## [Exercise directions]
Transcribe the data underneath exactly. No images belong in your version.

## [Collected material]
+++

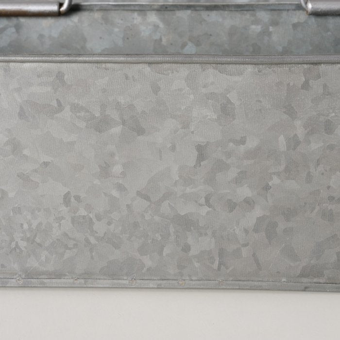 Deze stijlvollezinken bakje is een veelzijdig opbergaccessoire dat zowel in de keuken als in de tuin zijn nut bewijst. Gebruik het als bestekhouder op tafel, voor het opbergen van keukengerei op het aanrecht of als handig bakje voor je tuingereedschap, labels en handschoenen. Dankzij de robuuste afwerking en het authentieke design past dit bakje perfect in een landelijke, industriële of rustieke omgeving.
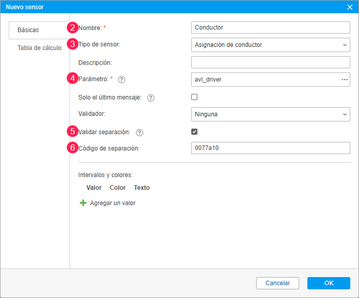 - se reciba el parámetro con el código de separación indicado en las propiedades del sensor de tipo Asignación de conductor;
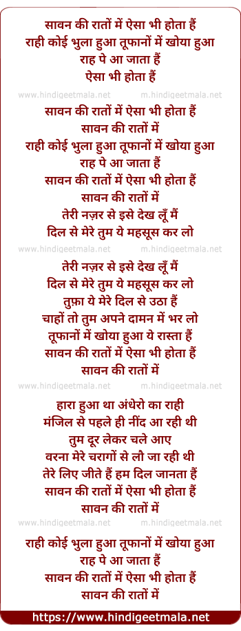 Lyrics of Sawan Ki Raato Me Aisa Bhi Hota Hai - सावन की रातों में ऐसा भी होता हैं

+++

## [Output for this exercise]
 Deze stijlvollezinken bakje is een veelzijdig opbergaccessoire dat zowel in de keuken als in de tuin zijn nut bewijst. Gebruik het als bestekhouder op tafel, voor het opbergen van keukengerei op het aanrecht of als handig bakje voor je tuingereedschap, labels en handschoenen. Dankzij de robuuste afwerking en het authentieke design past dit bakje perfect in een landelijke, industriële of rustieke omgeving.
 - se reciba el parámetro con el código de separación indicado en las propiedades del sensor de tipo Asignación de conductor;
 Lyrics of Sawan Ki Raato Me Aisa Bhi Hota Hai - सावन की रातों में ऐसा भी होता हैं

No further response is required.